Statistical analysis

Before genetic analysis, we evaluated the normal distribution of MI in the buttock. The distribution of MI was right skewed (Kolmogorov-Smirnov P value < 0.01), and after log transformation, was normally distributed (Kolmogorov-Smirnov P value = 0.13). Basic statistical analysis was performed by SAS, version 9.1. We used covariate variables such as age, sex, age × sex, age2, age2 × sex. We used the residual phenotypic variation of MI for adjusting significant covariates with the screen option of Sequential Oligogenic Linkage Analysis Routines (SOLAR) package (Almasy and Blangero, 1998).
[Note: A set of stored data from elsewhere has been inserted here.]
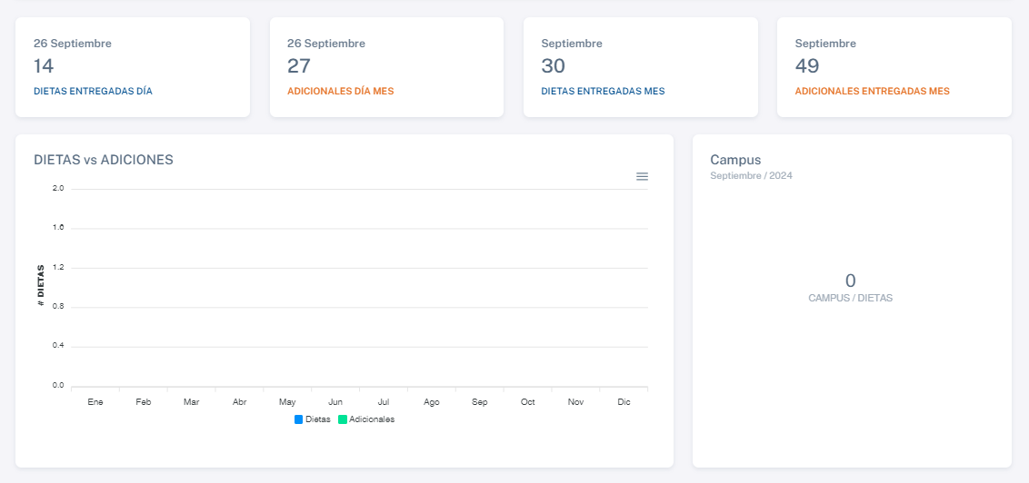 En esta sección, podrás acceder a un resumen estadístico relacionado con las dietas y adicionales entregados. Las estadísticas se desglosan de la siguiente manera: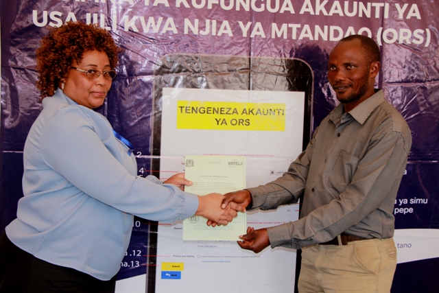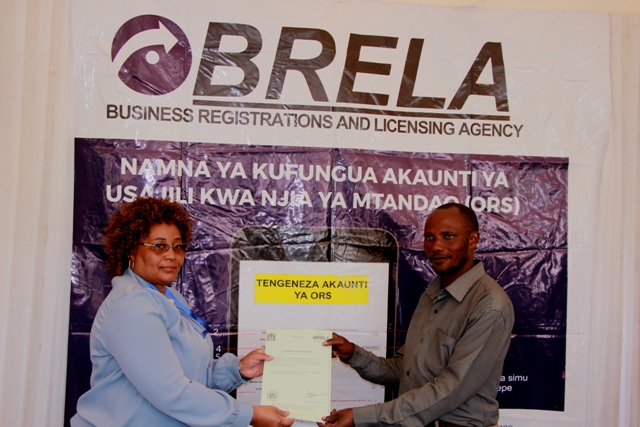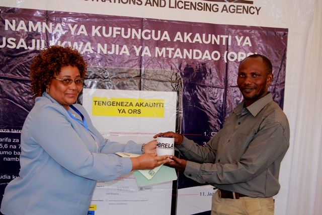 Afisa wa Wakala wa Usajili wa Biashara na Leseni wa BLERA Anna Nderingo (kushoto) akimkabidhi zawadi ya kikombe mwandishi wa habari Emmanuel Lengwa mara baada ya kusajili jina la Biashara yake na kufanikiwa kupewa Cheti chake Papo kwa hapo.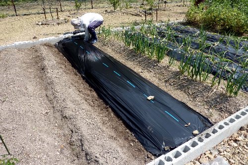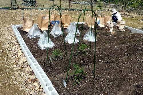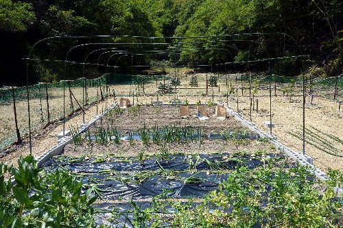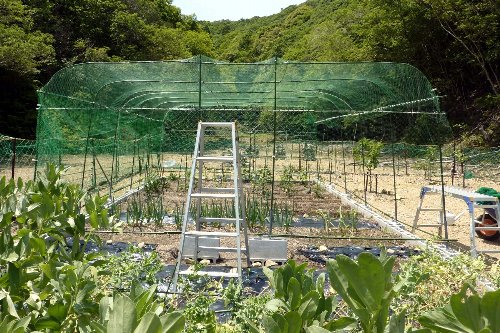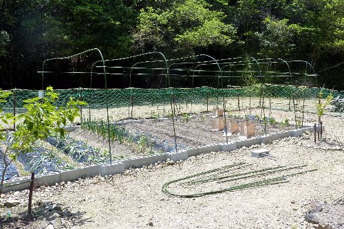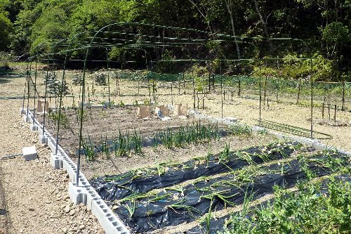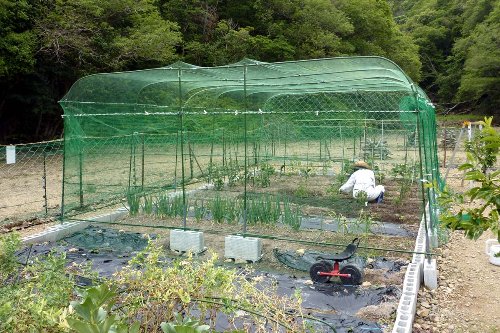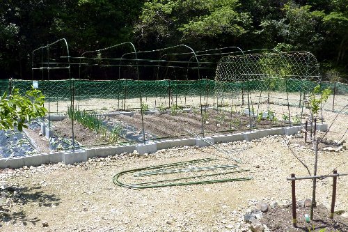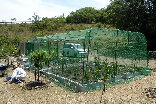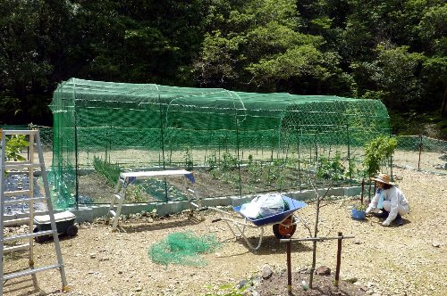 網掛け用骨組みの一部設置を開始。 キュウリ、ゴーヤの網を骨組みに沿わせ取付け。

To identify genetic evidence on MI, we estimated familial correlations and heritability. The FCOR option in Statistical Analysis for Genetic Epidemiology (S.A.G.E.), Release 6.0.1 (http://darwin.cwru.edu/) was used for estimating familial correlations (Keen and Elston, 2003). Narrow-sense heritability (h2) (proportion of phenotype variance attributable to additive genetic variance) was estimated with the variance component method in SOLAR. MIBD matrices were calculated using Markov chain Monte Carlo method with the Loki package. To localize the QTLs that influence MI, multipoint linkage analysis was performed using SOLAR. To estimate the empirical P value, we performed 10,000 simulation replicates using the lodadj option in SOLAR. The PBAT tool in Helixtree software, version 6.4 (GoldenHelix Inc., Bozeman, MT) was used for family-based association testing. Based upon the "Linkage and no association (sandwich variance)" null hypothesis which can be used in the expanded pedigrees as it provides a robust variance estimate, we used FBAT-GEE (generalized estimating equation for FBAT) test statistic and an additive genetic model.